Leptomycin B
- Names: Preferred IUPAC name (2E,5S,6R,7S,9R,10E,12E,15R,16Z,18E)-17-Ethyl-6-hydroxy-3,5,7,9,11,15-hexamethyl-19-[(2S,3S)-3-methyl-6-oxo-3,6-dihydro-2H-pyran-2-yl]-8-oxononadeca-2,10,12,16,18-pentaenoic acid

Identifiers
- CAS Number: 87081-35-4;
- 3D model (JSmol): Interactive image;
- ChemSpider: 21106330;
- ECHA InfoCard: 100.125.530
- PubChem CID: 6917907;
- UNII: Y031I2N1EO;
- CompTox Dashboard (EPA): DTXSID9036698 ;

Properties
- Chemical formula: C_{33}H_{48}O_{6}
- Molar mass: 540.741 g·mol^{−1}
- Density: 1.072 g/mL

= Leptomycin =

Leptomycins are secondary metabolites produced by Streptomyces spp.

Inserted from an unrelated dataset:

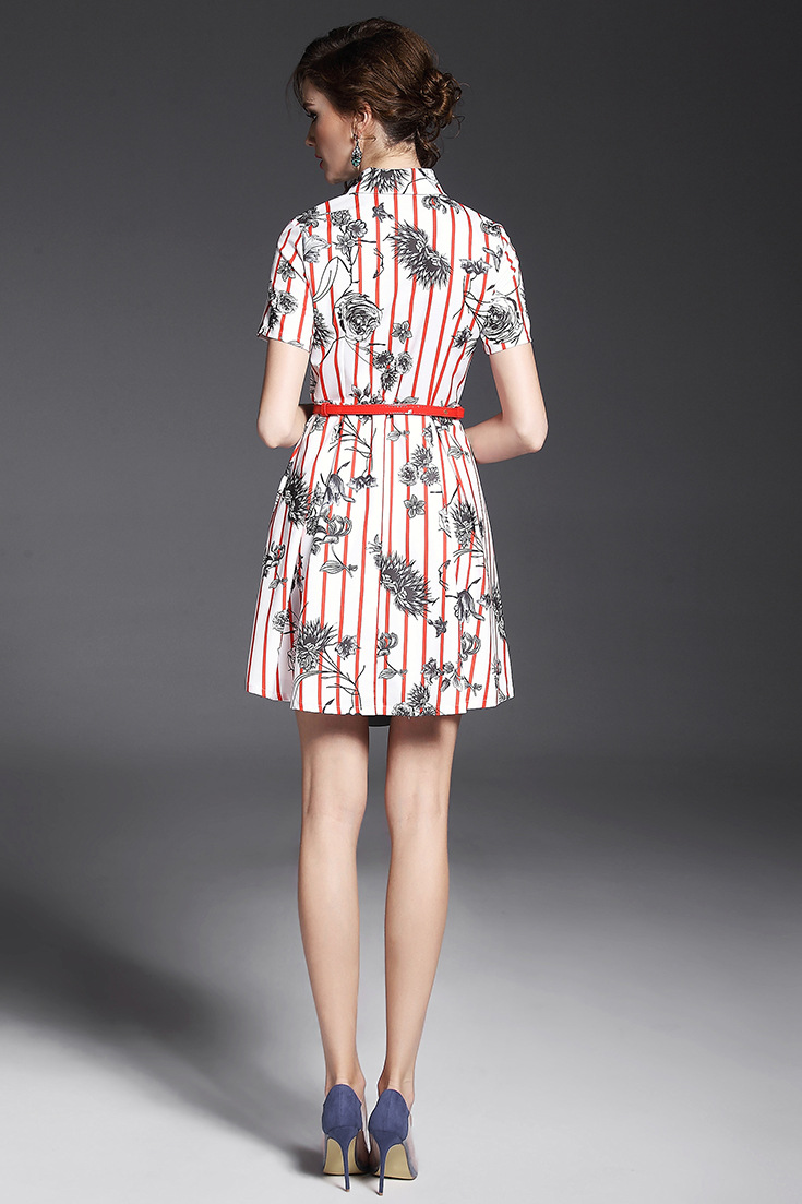2015夏季品质女装批发 英伦翻领竖条纹印花收腰修身连衣裙送腰带

Leptomycin B (LMB) was originally discovered as a potent antifungal compound. Leptomycin B was found to cause cell elongation of the fission yeast Schizosaccharomyces pombe. Since then this elongation effect has been used for the bioassay of leptomycin. However, recent data shows that leptomycin causes G1 cell cycle arrest in mammalian cells and is a potent anti-tumor agent against murine experimental tumors in combination therapy.

Leptomycin B has been shown to be a potent and specific nuclear export inhibitor in humans and the fission yeast S. pombe. Leptomycin B alkylates and inhibits CRM1 (chromosomal region maintenance)/exportin 1, a protein required for nuclear export of proteins containing a nuclear export sequence (NES), by glycosylating a cysteine residue (cysteine 529 in S. pombe). In addition to antifungal and antibacterial activities, leptomycin B blocks the cell cycle and is a potent anti-tumor agent. At low nM concentrations, leptomycin B blocks the nuclear export of many proteins including HIV-1 Rev, MAPK/ERK, and NF-κB/IκB, and it inhibits the inactivation of p53. Leptomycin B also inhibits the export and translation of many RNAs, including COX-2 and c-Fos mRNAs, by inhibiting the export of ribonucleoproteins.

Leptomycin A (LPA) was discovered together with LMB. LMB is twice as potent as LPA.